## Work request
In the entries below, copy only the lines from the one that contains "Begrippenlijst algemene economie" through the last line, exactly, and omit any pictures.

(Data records)
════

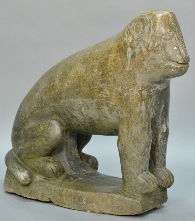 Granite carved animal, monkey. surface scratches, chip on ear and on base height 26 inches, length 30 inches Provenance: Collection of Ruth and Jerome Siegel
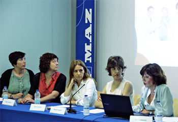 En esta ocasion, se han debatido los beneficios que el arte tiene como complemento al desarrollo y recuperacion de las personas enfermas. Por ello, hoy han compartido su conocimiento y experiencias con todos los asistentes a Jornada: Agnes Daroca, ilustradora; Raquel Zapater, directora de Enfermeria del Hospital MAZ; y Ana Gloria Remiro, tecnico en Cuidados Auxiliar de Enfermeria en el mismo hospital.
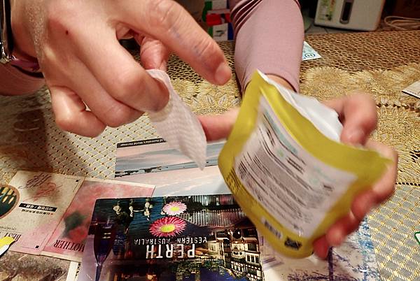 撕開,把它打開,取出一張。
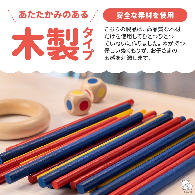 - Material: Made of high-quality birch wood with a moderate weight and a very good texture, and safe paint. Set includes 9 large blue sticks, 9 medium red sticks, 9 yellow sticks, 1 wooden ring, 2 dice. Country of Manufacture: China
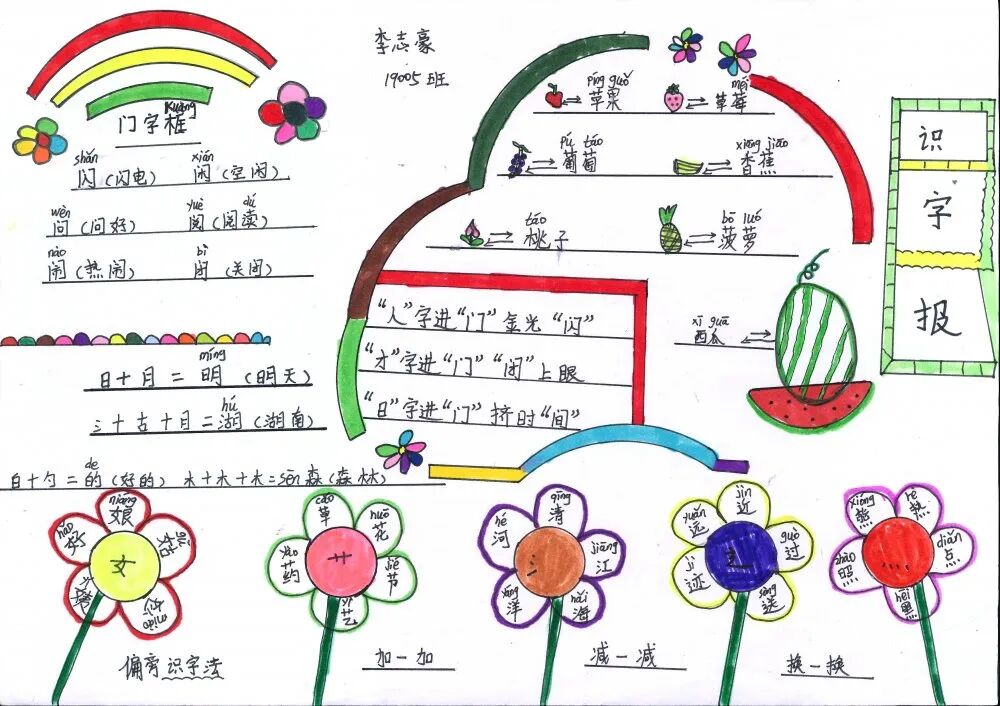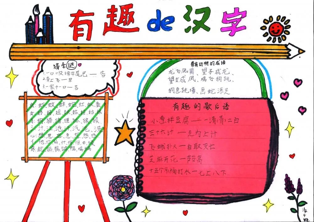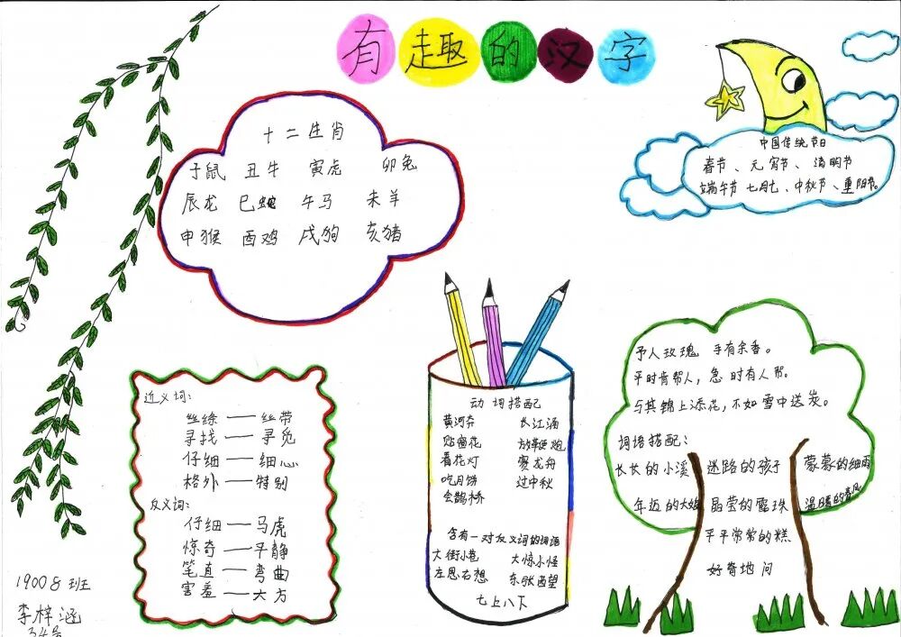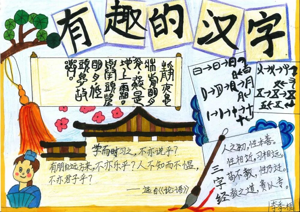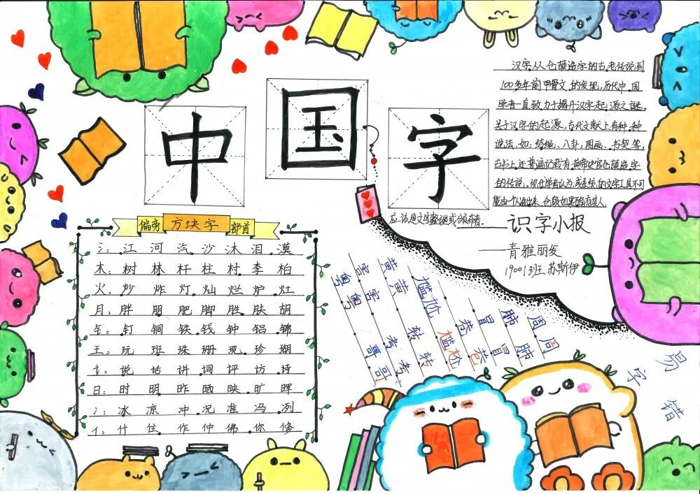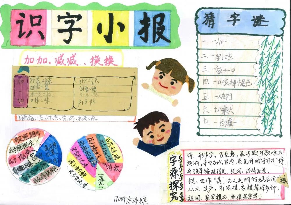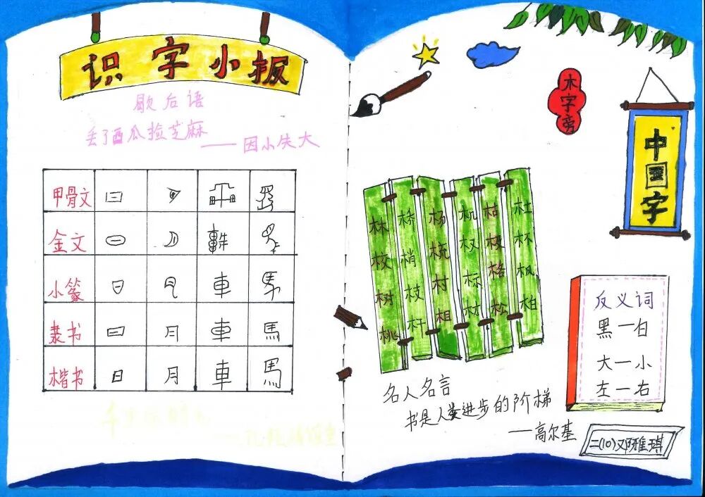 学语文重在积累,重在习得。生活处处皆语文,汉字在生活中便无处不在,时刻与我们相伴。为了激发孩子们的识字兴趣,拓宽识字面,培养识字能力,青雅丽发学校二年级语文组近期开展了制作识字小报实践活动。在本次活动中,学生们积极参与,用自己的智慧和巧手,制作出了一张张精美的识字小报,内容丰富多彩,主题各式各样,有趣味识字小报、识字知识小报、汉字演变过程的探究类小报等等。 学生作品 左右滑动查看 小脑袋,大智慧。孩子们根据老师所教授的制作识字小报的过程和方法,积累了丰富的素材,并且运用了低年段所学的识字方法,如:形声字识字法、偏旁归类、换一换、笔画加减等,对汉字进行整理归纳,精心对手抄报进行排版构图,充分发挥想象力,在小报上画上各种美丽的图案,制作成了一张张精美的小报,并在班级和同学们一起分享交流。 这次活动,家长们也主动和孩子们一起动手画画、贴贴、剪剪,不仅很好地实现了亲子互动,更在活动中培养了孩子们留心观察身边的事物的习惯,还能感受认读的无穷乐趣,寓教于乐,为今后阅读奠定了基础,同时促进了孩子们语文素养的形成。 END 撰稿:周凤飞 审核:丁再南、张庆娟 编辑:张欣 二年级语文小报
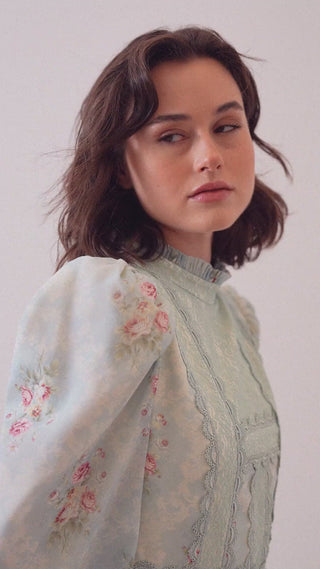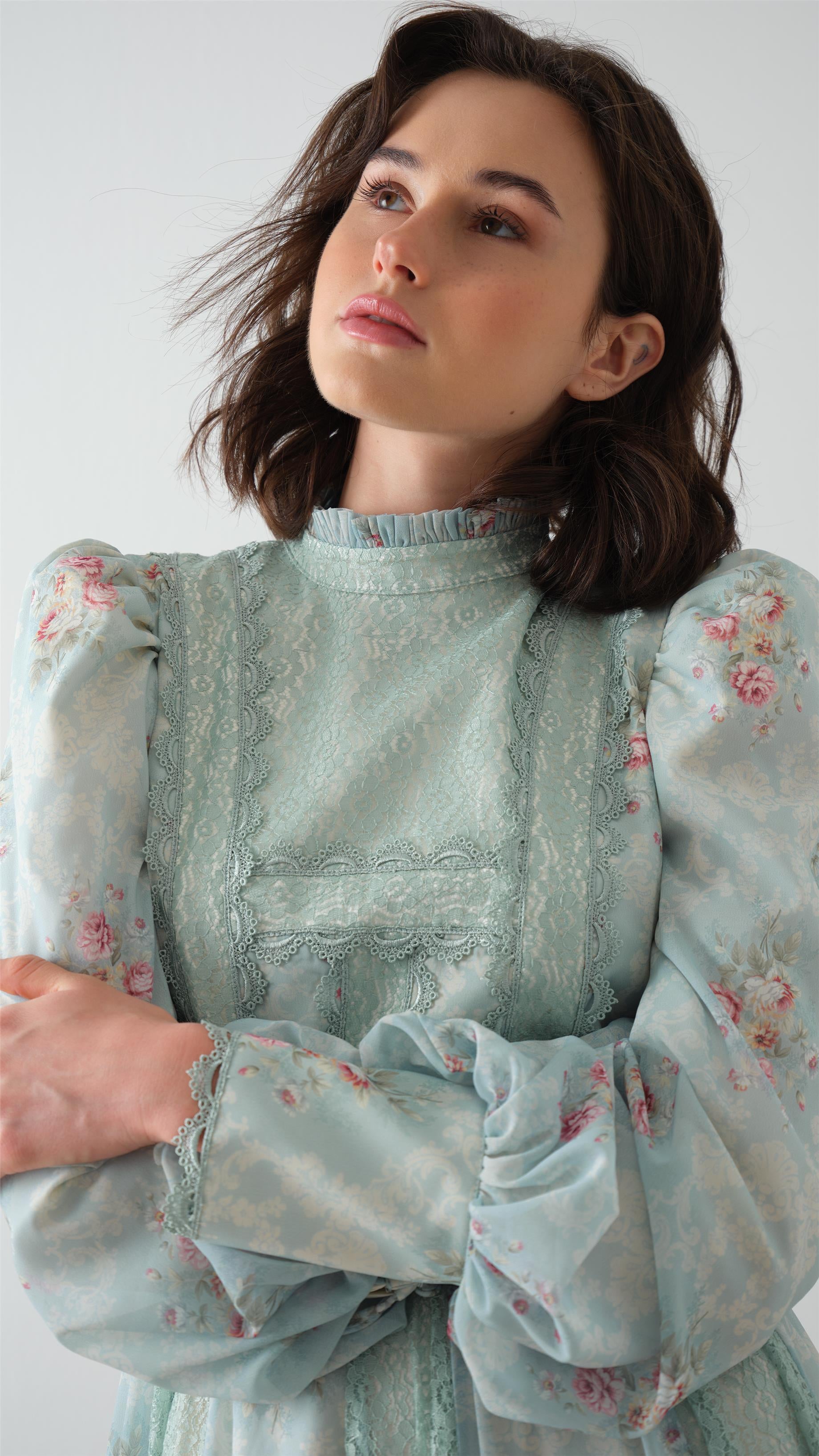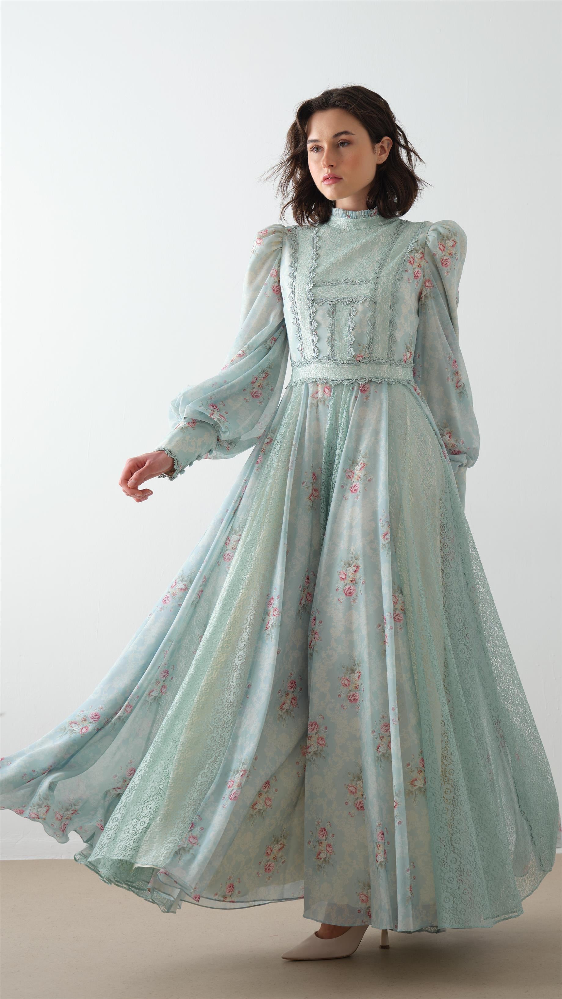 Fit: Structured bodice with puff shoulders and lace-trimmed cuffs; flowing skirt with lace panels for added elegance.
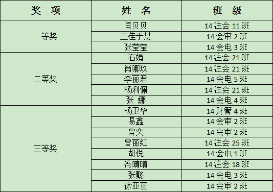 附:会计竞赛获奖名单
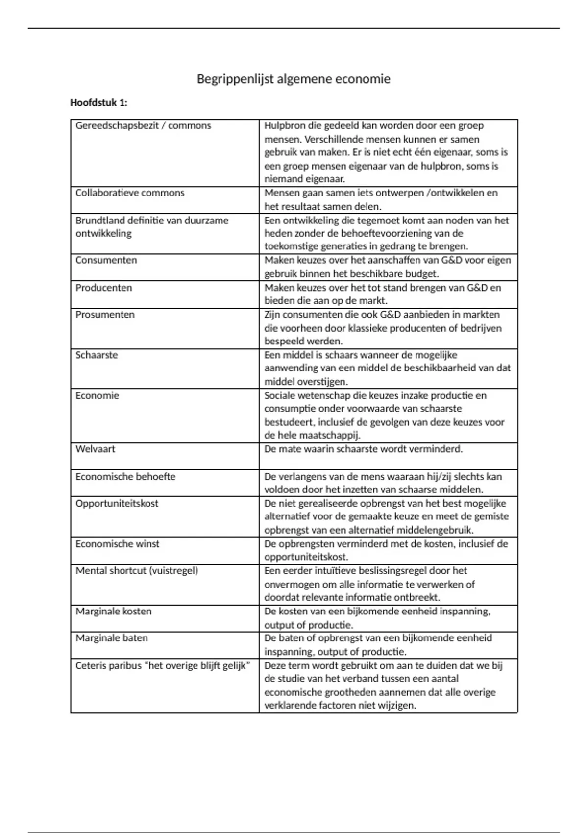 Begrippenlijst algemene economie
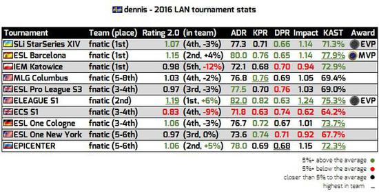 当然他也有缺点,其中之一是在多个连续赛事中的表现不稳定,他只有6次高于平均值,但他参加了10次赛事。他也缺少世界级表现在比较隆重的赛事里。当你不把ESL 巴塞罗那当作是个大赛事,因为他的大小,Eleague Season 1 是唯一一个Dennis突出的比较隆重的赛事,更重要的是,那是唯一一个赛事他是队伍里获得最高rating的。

════

## Written solution
 Begrippenlijst algemene economie
 当然他也有缺点,其中之一是在多个连续赛事中的表现不稳定,他只有6次高于平均值,但他参加了10次赛事。他也缺少世界级表现在比较隆重的赛事里。当你不把ESL 巴塞罗那当作是个大赛事,因为他的大小,Eleague Season 1 是唯一一个Dennis突出的比较隆重的赛事,更重要的是,那是唯一一个赛事他是队伍里获得最高rating的。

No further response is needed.